In this activity, you are a data professional an investment firm that is attempting to invest in private companies with a valuation of at least $1 billion. These are often known as "unicorns." Your client wants to develop a better understanding of unicorns, with the hope they can be early investors in future highly successful companies. They are particularly interested in the investment strategies of the three top unicorn investors: Sequoia Capital, Tiger Global Management, and Accel. 

## Step 1: Imports

Import relevant Python libraries and packages: `numpy`, `pandas`, `seaborn`, and `pyplot` from `matplotlib`.

In [None]:
# Import libraries and packages.

### YOUR CODE HERE ### 


### Load the dataset

The data contains details about unicorn companies, such as when they were founded, when they achieved unicorn status, and their current valuation. Load the dataset `Modified_Unicorn_Companies.csv` as `companies` and display the first five rows. The variables in the dataset have been adjusted to suit the objectives of this lab, so they may be different from similar data used in prior labs.

In [None]:
# Load the data.

### YOUR CODE HERE ### 


# Display the first five rows.

### YOUR CODE HERE ### 


## Step 2: Data cleaning


Begin by displaying the data types of the columns in `companies`.

In [None]:
# Display the data types of the columns.

### YOUR CODE HERE ###


<details>
  <summary><h4><strong>Hint 1</strong></h4></summary>

Review what you have learned about exploratory data analysis in Python.

</details>

<details>
  <summary><h4><strong>Hint 2</strong></h4></summary>

There is a `pandas` DataFrame property that displays the data types of the columns in the specified DataFrame.
 

</details>

<details>
  <summary><h4><strong>Hint 3</strong></h4></summary>

  The `pandas` DataFrame `dtypes` property will be helpful.

</details>

### Correct the data types

If any of the data types in `companies` are incorrect, fix them and save them back to `companies`.

In [None]:
# Apply necessary datatype conversions.

### YOUR CODE HERE ###


### Create a new column

Add a column called `Years To Unicorn`, which is the number of years between when the company was founded and when it became a unicorn.

In [None]:
# Create the column Years To Unicorn.

### YOUR CODE HERE ###


<details>
  <summary><h4><strong>Hint 1</strong></h4></summary>

Extract just the year from the `Date Joined` column. 

</details>

<details>
  <summary><h4><strong>Hint 2</strong></h4></summary>

  Use `dt.year` to access the year of a datetime object.

</details>

<details>
  <summary><h4><strong>Hint 3</strong></h4></summary>

Subtract the `Year Founded` from the `Date Joined`, and save it to a new column called `Years To Unicorn`.
  
Ensure you're properly extracting just the year (as an integer) from `Date Joined`.

</details>

**QUESTION: Why might your client be interested in how quickly a company achieved unicorn status?**

[Write your response here. Double-click (or enter) to edit.]

### Input validation

The data has some issues with bad data, duplicate rows, and inconsistent `Industry` labels.
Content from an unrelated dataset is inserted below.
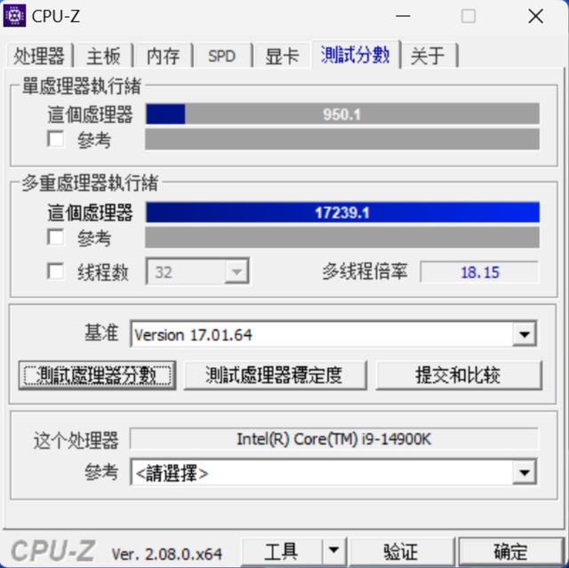▲经实测,i9-14900K的CPU-Z单核得分950.1分,多核得分17239.1分,无论是单核得分,还是多核得分,都非常之优秀。

Identify and correct each of these issues.

Analyze the `Years To Unicorn` column and fix any issues with the data. Use your best judgement on the best approach to correct errors.

In [None]:
# Identify and correct the issue with Years To Unicorn.

### YOUR CODE HERE ###


<details>
  <summary><h4><strong>Hint 1</strong></h4></summary>

A company cannot reach unicorn status before it is founded. In other words, `Years to Unicorn` cannot be less than 0.

</details>

<details>
  <summary><h4><strong>Hint 2</strong></h4></summary>

Find the company that has a negative `Years to Unicorn`, and use an internet search to determine which date for that company is incorrect.
    
Either drop this row from the analysis or replace the incorrect value with the correct one found by your internet search.

</details>

The company provided you with the following list of industry labels to identify in the data for `Industry`. Note: Any industry labels that are in companies but not in industry_list are misspellings.

In [None]:
# List provided by the company of the expected industry labels in the data
industry_list = ['Artificial intelligence', 'Other','E-commerce & direct-to-consumer', 'Fintech',\
       'Internet software & services','Supply chain, logistics, & delivery', 'Consumer & retail',\
       'Data management & analytics', 'Edtech', 'Health', 'Hardware','Auto & transportation', \
        'Travel', 'Cybersecurity','Mobile & telecommunications']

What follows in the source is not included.